Nel 1491 fu eletto da Innocenzo VIII arcivescovo di Nazareth. Si trattò di un incarico di grande prestigio: come scrisse Pietro Giannone (1723, p. 528), l’arcivescovo di Nazareth risiedeva a Barletta e gli furono attribuite nel 1434 la chiesa di Monteverde e nel 1455 quella di Canne, nonché altre istituzioni ecclesiastiche sparse nelle diocesi pugliesi. Singolare prerogativa del primate di Nazareth fu la facoltà di esibire i simboli vescovili della croce, del pallio e della mozzetta per tutta la cattolicità. Dal 24 aprile 1510 fino alla sua morte nel 1524 Poderico fu inoltre arcivescovo di Taranto. Tuttavia, la più rilevante carica che l’arcivescovo ricoprì fu quella, nel 1505, di cappellano maggiore. Anche questo ufficio conferma la sua adesione al nuovo potere ispanico.
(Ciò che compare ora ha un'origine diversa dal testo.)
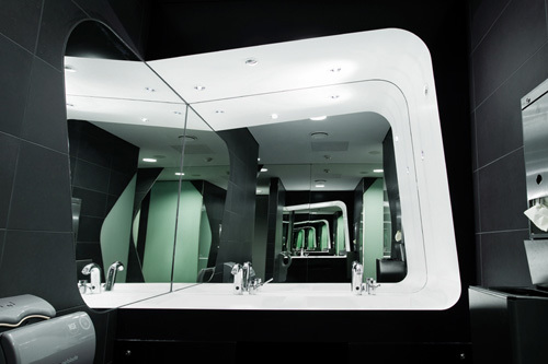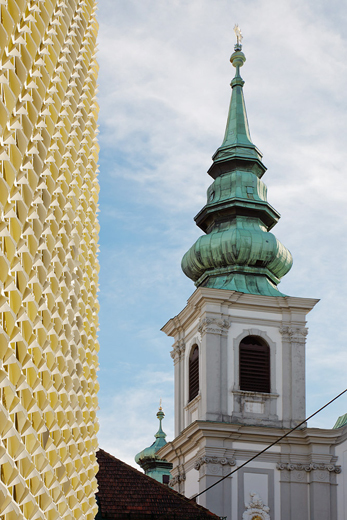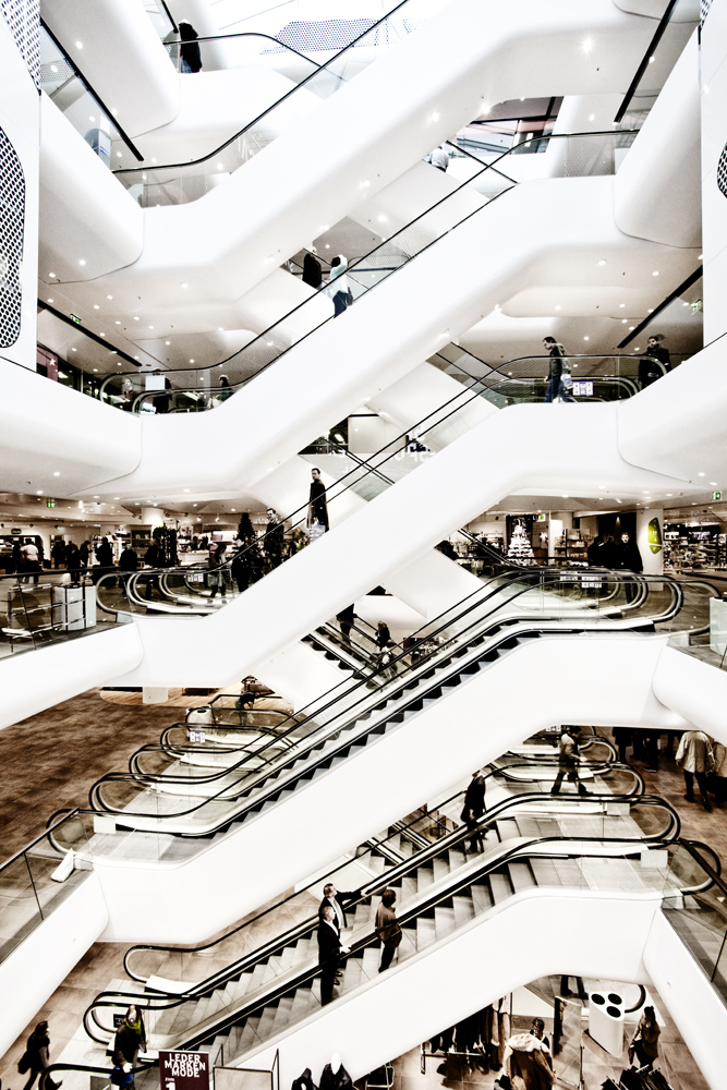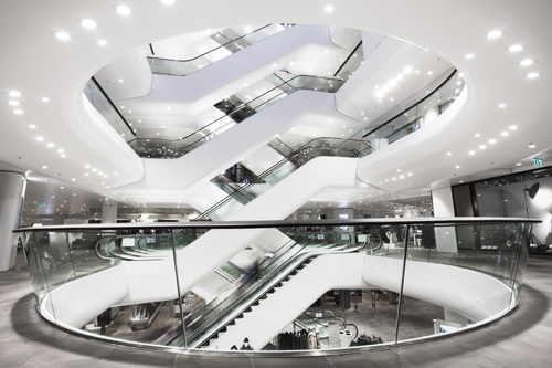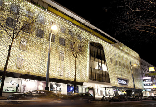 Die einzelnen Shops sind schollenartig in den Etagen des Hauses verteilt. Diese Schollen sind durch Wechsel in den Bodenbelägen und durch Materialwechsel in den Deckenbereichen gekennzeichnet und bilden so das sternförmige Wegekonzept in Decke und Boden ab. Die schollenartige Struktur des Innenraumes setzt sich auch auf der neuen Fassade des Gerngross fort. Zu diesem Zweck wurden großformatige, amorphe Farbflächen auf der Fassade aufgebracht, davor befindet sich eine ornamental gestaltete, semitransparente weiße Fläche. Gemeinsam bilden diese Ebenen ein Volumen aus Licht und Farbe. Dieser Effekt wird am Abend durch ein Beleuchtungskonzept zwischen den beiden Schichten der Fassade unterstützt. Betrachter werden die Fassade - je nach Standort und Perspektive - verschieden wahrnehmen: bei einem flachen Blickwinkel erscheint sie eher als weiß-ornamentiertes Feld, je steiler der Blickwinkel wird, desto stärker kommt die Hintergrundfarbe des Hauses zur Geltung. Dadurch entsteht eine Art Kippeffekt, welcher den Passanten begleitet. Die neue Fassade verleiht dem Gebäude ein für Wien ungewohntes, weil frisches Gesicht. Shoppingarchitektur, wie man sie bislang auf der Shoppingmeile Omote-Sando in Tokyo finden konnte, hat jetzt auch ihren Platz in Wien gefunden. (Text Architekten, redaktionall überarbeitet und erweitert, Martina Frühwirth)

Al cappellano maggiore era, infatti, richiesta una provata fedeltà alla monarchia, venendo egli consultato per la concessione del regium exequatur ai provvedimenti della S. Sede. In tali circostanze, pur essendo solitamente un vescovo, il cappellano maggiore doveva pronunciarsi sugli eventuali pregiudizi che potessero derivare alle prerogative sovrane. L’ufficio, di origine medievale, aveva come originaria mansione la cura dell’oratorio del Re e la celebrazione delle funzioni religiose nelle cerimonie solenni tenute alla presenza del sovrano; presiedeva inoltre alla cappella palatina e alla cura spirituale della famiglia reale. La sua autorità, già dai tempi angioini, si estese a tutti i chierici del Palazzo reale, alle chiese regie del Regno e alle cappelle nelle dimore reali anche temporanee. Nel corso del tempo acquisì rilevanti prerogative giurisdizionali anche temporali. Proprio nel corso dell’esercizio di Poderico, Leone X, con una bolla emanata il 9 novembre 1519, confermò gli antichi privilegi e concesse un’ampia giurisdizione su cappellani, chierici, scolari e cantori delle cappelle regie, sottratti all’autorità dell’ordinario diocesano.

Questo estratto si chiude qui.